Renting a MACGPU remote Mac as a golden control plane isolates rehearsal from your laptop’s nvm profile. Snapshot disk, run the six steps, hold the thirty-minute probe, then promote the exact plist/npm prefix pair to production. This is operational insurance, not marketing: it converts “works in my SSH session” into “works when nobody is logged in.”

Windows and Linux Gateways face multi-Node pain too, but macOS LaunchAgent immutability until rewrite teaches a stricter habit: treat gateway install --force as the supported realignment tool, not hand-edited XML. Teams that internalize that reduce repeat incidents after every May micro-release train.

7. Citeable numeric thresholds

① Plist node path ≠ which node in service shell → do not declare upgrade success. ② engines.node requires Node ≥22 (verify your tarball)—service Node below floor → upgrade Node before openclaw. ③ More than three launchd non-zero exits within 30 minutes post-upgrade → default rollback with plist/npm diff preserved. ④ Three consecutive gateway status --json calls without runningVersion → classify Gateway Unhealthy. ⑤ Different global npm prefix on remote vs laptop → forbid cross-machine plist fragment copy; regenerate with gateway install --force on each host.

Add operational hygiene: serialize global npm installs per UID with a change lock; export ten minutes of Gateway logs before and after restart; store plist backup with timestamp in the ticket.
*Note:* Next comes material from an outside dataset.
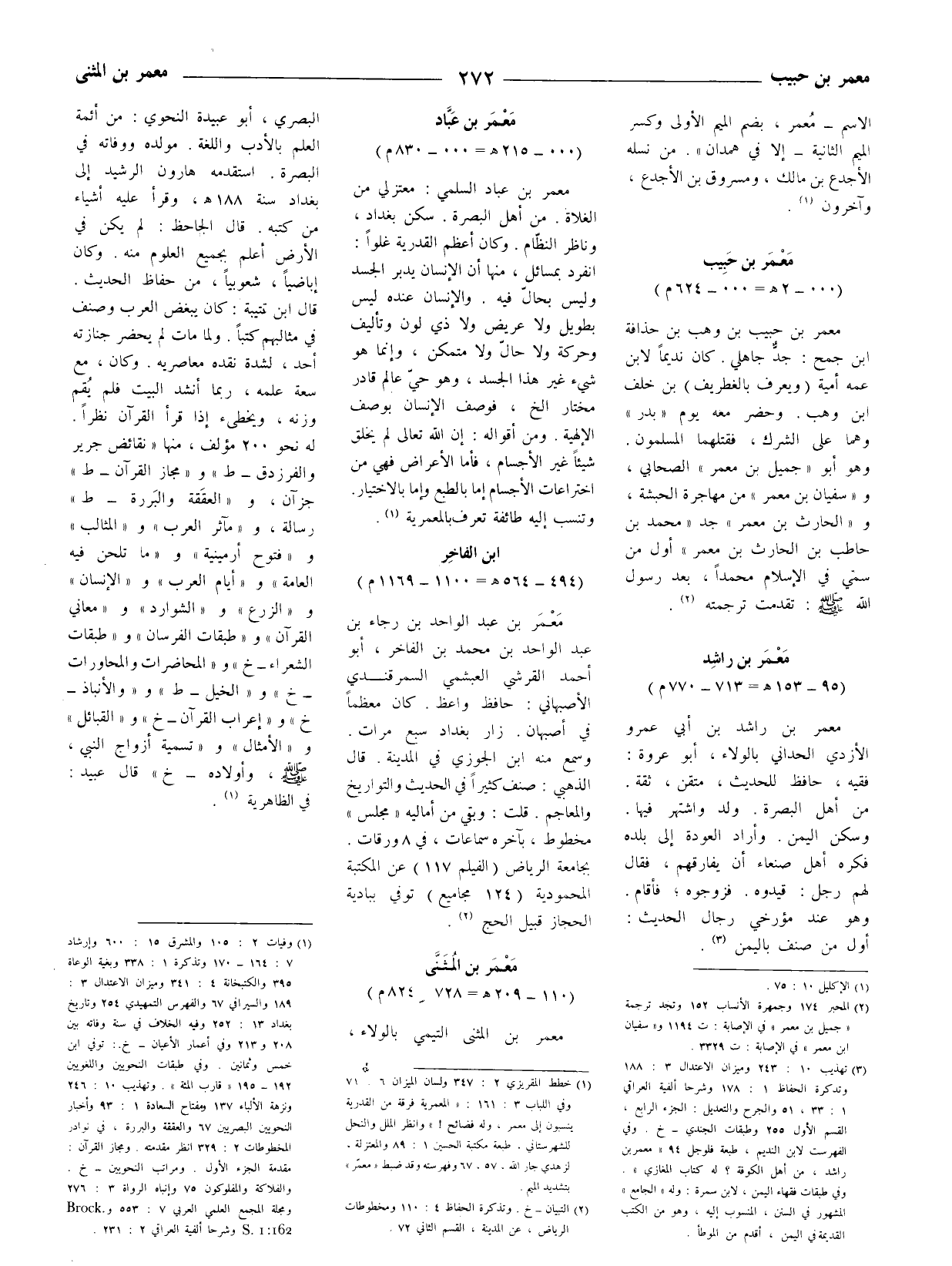 (1) خطط المقريزي 2: 347 ولسان الميزان 6: 71 وفي اللباب 3: 161: (المعمرية فرقة من القدرية ينسبون إلى معمر، وله فضائح!) وانظر الملل والنحل للشهرستاني، طبعة مكتبة الحسين 1: 89 والمعتزلة، لزهدي جار الله، 57، 67 وفهرسته وقد ضبط (معمّر) بتشديد الميم.

These seconds prevent hours of channel downtime and keep model providers off the blame list until Node evidence is exhausted.

8. FAQ

How is this different from a fake upgrade? Fake upgrade compares version strings and PID age when CLI moved but process did not. Node drift compares binary paths and engines.node when versions agree but launchd cannot execute the baked runtime.

Must we reach 5.20? The managed-service-Node fix lands in 5.20 (PR #84043). On older builds, manually run gateway install --force after every update from a frozen PATH—or upgrade to 5.20 first.

What about Docker? Container images usually ship one Node; drift is rare. Watch image tag vs mounted volume state instead of plist paths.

Can I hand-edit the plist? Possible with backup, but gateway install --force is supported and regenerates consistent ProgramArguments and environment blocks.

What does a MACGPU node provide? Isolated PATH, 7×24 Apple Silicon, reproducible control-run for the six-step ladder and rollback window—it does not replace your change approval process.

Does doctor --fix help? Doctor fixes configuration schema; it does not realign Node paths. Run doctor after Node gates pass if fail-closed errors persist—see the invalid-config runbook for ordering.